We have a situation where there are a bundle of categories for different aspects of a row. There are 3 category columns to group on. The data also has a timestamp on each row to indicate for which timeperiod this row reflects. We run reports against this data and group on the 3 category columns but rather than bundle all of Category X into one big group it is also broken down to the period of time it remained as Category X. So the 3 grouping columns indicate the ‘state’ of the row and when grouping I need to group all the individual rows for each state for a period of time into one row in the report. e.g. (with just one state/category column)
timestamp category
10 0
20 0
30 1
40 0
50 1
When grouping, I need to group timestamps 10,20 into one group, 30 into another group and 40 into another group – as opposed to having 10,20 and 40 all in one group. The way we’re doing this just now is to have a kind of sequence number (actually the timeStamp is used) as an additional column which remains the same until the category changes. So above is actually:
timestamp category categorystartts
10 0 10
20 0 10
30 1 30
40 0 40
50 1 50
So we group on categorystartts instead – keeps the groups seperate based on the state changing. The problem is, this additional column isn’t really relevant to the data, and it is becoming a pain to maintain since the data can be edited so e.g. if someone edits the category at timestamp 30 the categorygroupts must be updated for timestamp 30 and 40 to be 10. Another way I’ve come up with of doing this (in dev environment anyway) is to perform a skewed query at the time of report to join this table to itself but 1 timestamp earlier and calculate the beginning of the state period on the fly and group on this. Problem is, it’s pretty slow. I’ve searched everywhere on google and here in this forum and some other places and racked my brains to think of another neat solution to this, but can’t come up with anything as quick as storing the groupingid in the table, and yet that’s a pain because of the edits. Feasibly, a single edit could result in 1000s of rows being updated to merge the groups.

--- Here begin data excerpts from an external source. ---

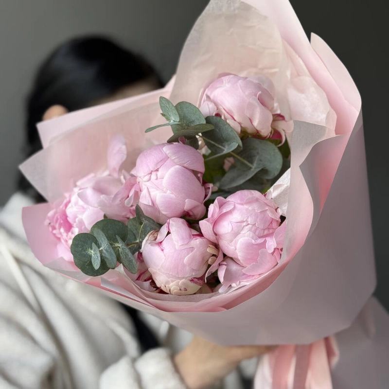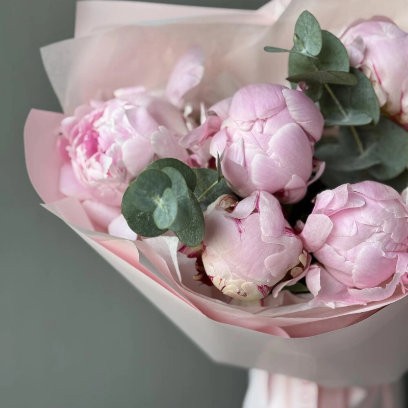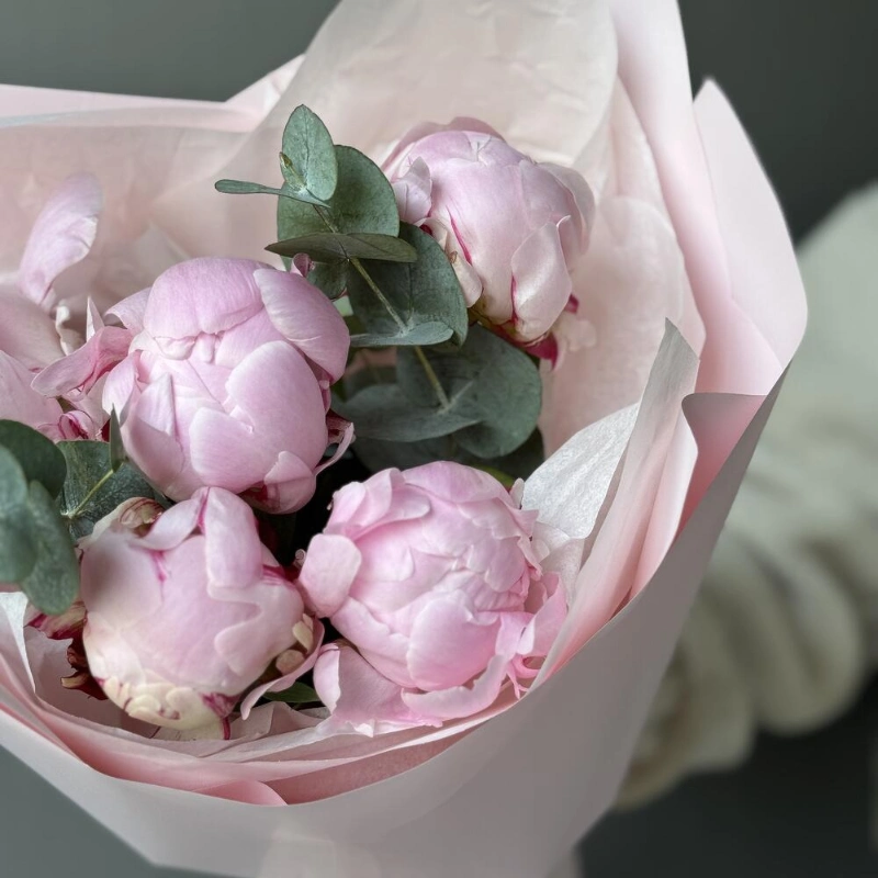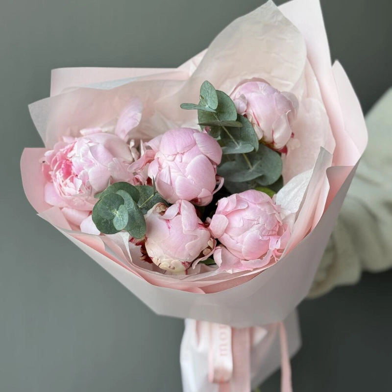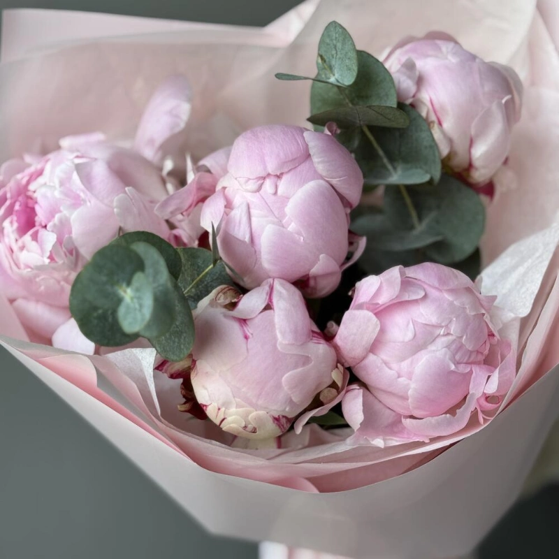 ГлавнаяКаталогБукетыБукет с 5 пионами и эвкалиптом
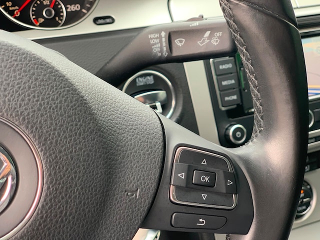Het navigatiesysteem geeft duidelijke instructies. Zo komt u veilig en vlot aan waar u moet zijn. De automatische airconditioning zorgt onder alle omstandigheden voor een prettige temperatuur. Even switchen naar de verkeersinformatie? Ook dat kan met één druk op de knop van de audiobediening op het stuur. Boem is ho? Niet bij deze Volkswagen Passat. De piepjes van de parkeersensoren waarschuwen u op tijd voor obstakels. Om de veiligheid onderweg te verhogen, heeft deze Volkswagen zowel een automatisch inschakelbare verlichting als een regensensor aan boord, zodat hij zelf de verlichting en de ruitenwissers kan inschakelen. Deze Volkswagen is voorzien van cruise control, automatisch dimmende binnenspiegel, lederen stuur, centrale deurvergrendeling met afstandsbediening, boordcomputer en lederen versnellingspook.
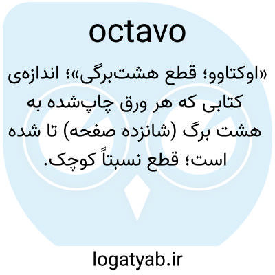 📌 کتابی با اندازه حدود 6 × 9 اینچ (16 × 23 سانتیمتر)، که با چاپ روی ورقهای تا شده به شکل 8 برگ یا 16 صفحه تعیین میشود. 8vo، 8°
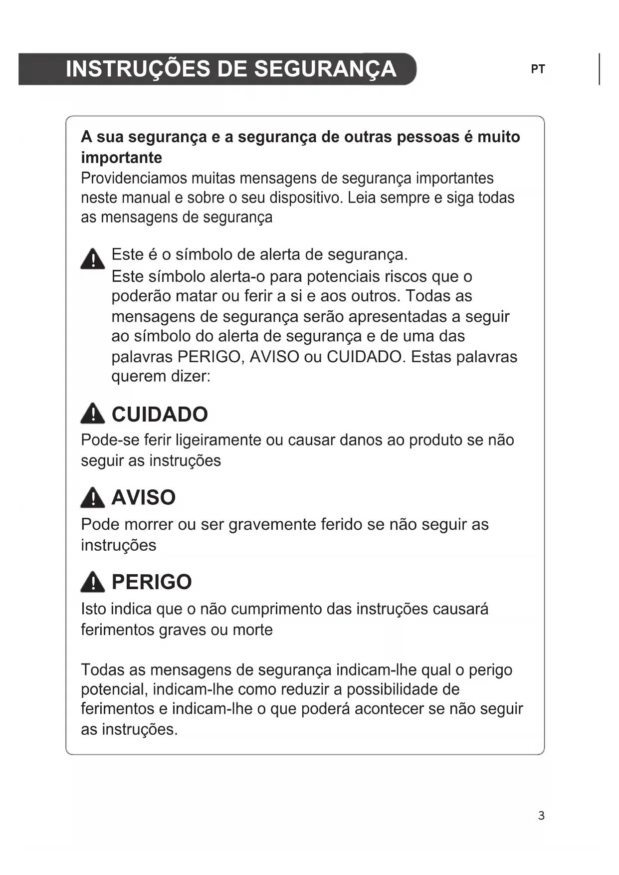 A sua segurança e a segurança de outras pessoas é muito importante Providenciamos muitas mensagens de segurança importantes neste manual e sobre o seu dispositivo. Leia sempre e siga todas as mensagens de segurança Este é o símbolo de alerta de segurança. Este símbolo alerta-o para potenciais riscos que o poderão matar ou ferir a si e aos outros. Todas as mensagens de segurança serão apresentadas a seguir ao símbolo do alerta de segurança e de uma das palavras PERIGO, AVISO ou CUIDADO. Estas palavras querem dizer: CUIDADO Pode-se ferir ligeiramente ou causar danos ao produto se não seguir as instruções AVISO Pode morrer ou ser gravemente ferido se não seguir as instruções PERIGO Isto indica que o não cumprimento das instruções causará ferimentos graves ou morte Todas as mensagens de segurança indicam-lhe qual o perigo potencial, indicam-lhe como reduzir a possibilidade de ferimentos e indicam-lhe o que poderá acontecer se não seguir as instruções.
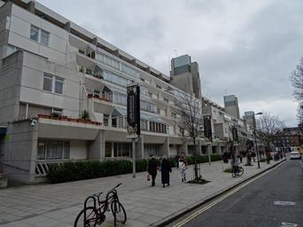 | Keywords: road outdoor building complex architecture building It was designed by Patrick Hodgkinson[2] in the mid-1960s, based on studies by Leslie Martin.[3] It was initially planned as a private development at a time when private, mixed-use development in the UK was rare. Building started in 1967 and was completed in 1972, though the building fell some way short of its intended size. The original plan extended up to Euston Road but the Ministry of Defence would not release the site of a building they leased for use by the Territorial Army (and that still stands next to the Centre today)[citation needed]. After failing to attract sufficient private buyers on time, the residential section was leased to the London Borough of Camden for use as council housing, while the developer retained ownership of the structure and shopping areas. The exterior of the building was never painted because the Borough could not afford to complete work on the building after they took control. In Hodgkinson's design, the blocks would have been painted cream, a shade typical of the Georgian period, as a homage to the terraced houses that previously stood on the site and those that still surround it. Despite being widely disliked by those who are unsympathetic to modernist architecture, it achieved Grade II status in 2000. By this time, however, many of its shop premises were unoccupied. Plans for renovation had repeatedly been blocked by residents' committees but in November 2002, the £22 million project began. This included the painting of the blocks in their originally-planned colour and the commissioning of artist Susanna Heron to introduce water features to the central space.[4][2] The major work was completed in late 2006 with the opening of branches of several high street chain stores and restaurants. The dual management has caused problems though, as the landlord restored the structure of the estate but the council is responsible for maintenance of the residential properties - so while the concrete structure was restored, the windows remained untouched, detracting from the overall aesthetic of the development. In 2007, the council started work on replacing the windows that has resulted in the residents having scaffolding outside their flats for the second time in just a few years. Now referring to itself as The Brunswick, the centre contains 560 flats, various shops, cafés and restaurants, a Waitrose supermarket, and the Renoir Cinema (one of London's Curzon Cinemas group). It was designed by Patrick Hodgkinson[2] in the mid-1960s, based on studies by Leslie Martin.[3] It was initially planned as a private development at a time when private, mixed-use development in the UK was rare. Building started in 1967 and was completed in 1972, though the building fell some way short of its intended size. The original plan extended up to Euston Road but the Ministry of Defence would not release the site of a building they leased for use by the Territorial Army (and that still stands next to the Centre today)[citation needed]. After failing to attract sufficient private buyers on time, the residential section was leased to the London Borough of Camden for use as council housing, while the developer retained ownership of the structure and shopping areas. The exterior of the building was never painted because the Borough could not afford to complete work on the building after they took control. In Hodgkinson's design, the blocks would have been painted cream, a shade typical of the Georgian period, as a homage to the terraced houses that previously stood on the site and those that still surround it. Despite being widely disliked by those who are unsympathetic to modernist architecture, it achieved Grade II status in 2000. By this time, however, many of its shop premises were unoccupied. Plans for renovation had repeatedly been blocked by residents' committees but in November 2002, the £22 million project began. This included the painting of the blocks in their originally-planned colour and the commissioning of artist Susanna Heron to introduce water features to the central space.[4][2] The major work was completed in late 2006 with the opening of branches of several high street chain stores and restaurants. The dual management has caused problems though, as the landlord restored the structure of the estate but the council is responsible for maintenance of the residential properties - so while the concrete structure was restored, the windows remained untouched, detracting from the overall aesthetic of the development. In 2007, the council started work on replacing the windows that has resulted in the residents having scaffolding outside their flats for the second time in just a few years. Now referring to itself as The Brunswick, the centre contains 560 flats, various shops, cafés and restaurants, a Waitrose supermarket, and the Renoir Cinema (one of London's Curzon Cinemas group). |
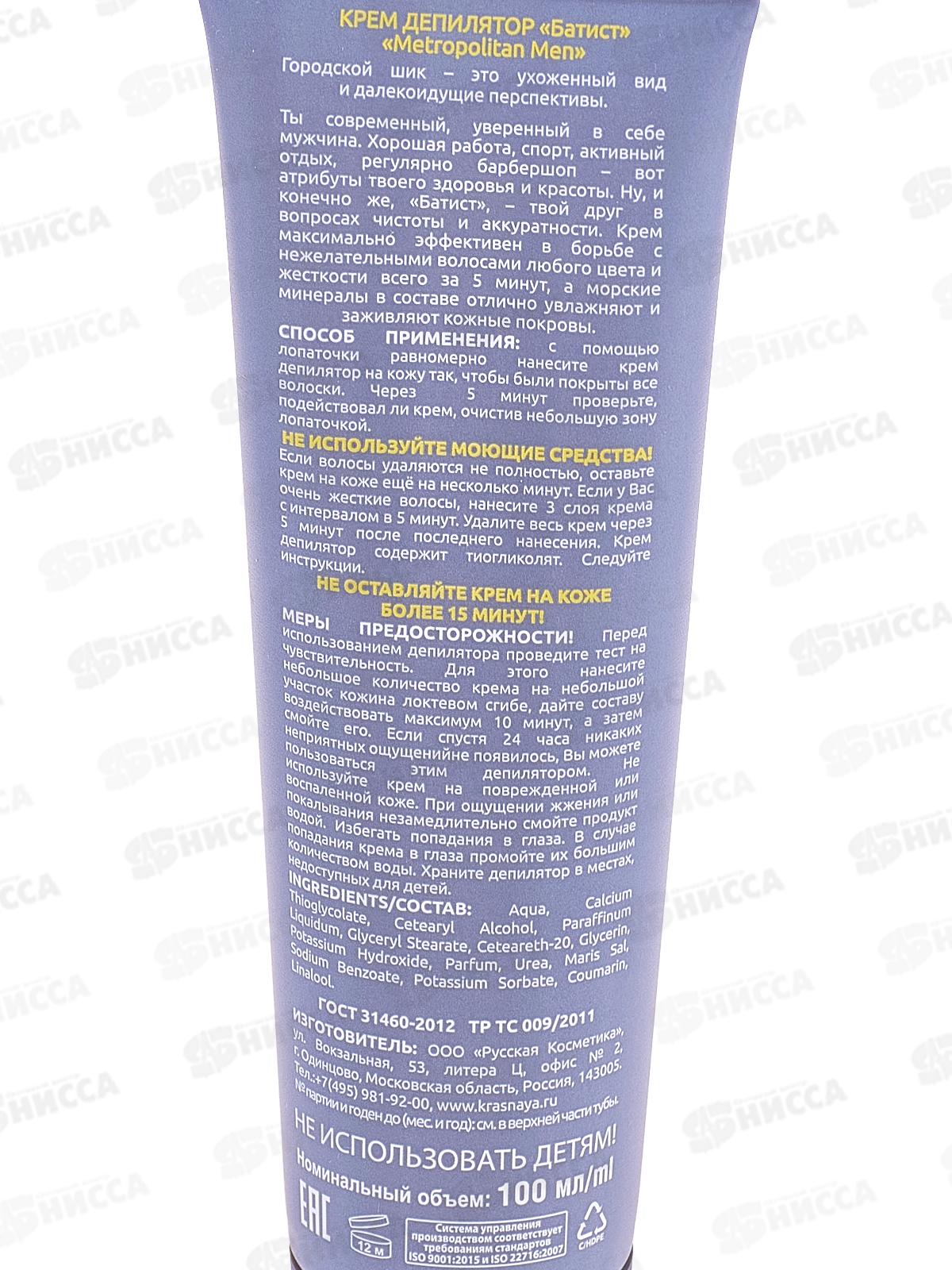 БАТИСТ крем-депилятор Metropolitan Men 100мл *9

I feel there must be a standard approach to this problem, and I get the feeling the two I’ve described above are it, but maybe not… anyone know of a good way of doing this? Dave.

Not sure I completly understand the function of category and how it relates to your expected output. If a 1 indicates the start of an event, I would expect 40 to belong to the categorystarts group 30. If I am right, the following query should very quickly provide the correct value for categorystats if there are indexes on timestamp and category.
select timestamp, category,
(select top 1 timestamp from events where (category = 1 or
timestamp = (select min(timestamp) from events )) and
timestamp <= o.timestamp order by timestamp desc) categorystarts
from events o
I would also expect the first entry in the table to have a category of 1 to indicate the start of all events. If that is true the query would be even simpler:
select timestamp, category,
(select top 1 timestamp from events where category = 1 and
timestamp <= o.timestamp order by timestamp desc) categorystarts
from events o

No, the categories can be any number. A category of 0 doesn’t mean anything special in the sense of there being no event. There is always some state the system is in, so 0 actually means ‘Normal Operation’, whereas 1 could be ‘stopped due to x’, 2 = ‘stopped due to y’, 3 = ‘running half speed due to z’ etc The report needs to group on these states, but not to group everything together in one lump e.g. if the system runs normally but at two different points in time its state changes to ‘running half speed due to z’ then I want to see those two states seperately in my report, but group by in it’s usual operation will group all of these states together which is why we came up with a sequence number to help group the groups properly. As stated above however, this is now causing additional headaches so would like to find out if there is a better way of doing this that I’m overlooking. Dave.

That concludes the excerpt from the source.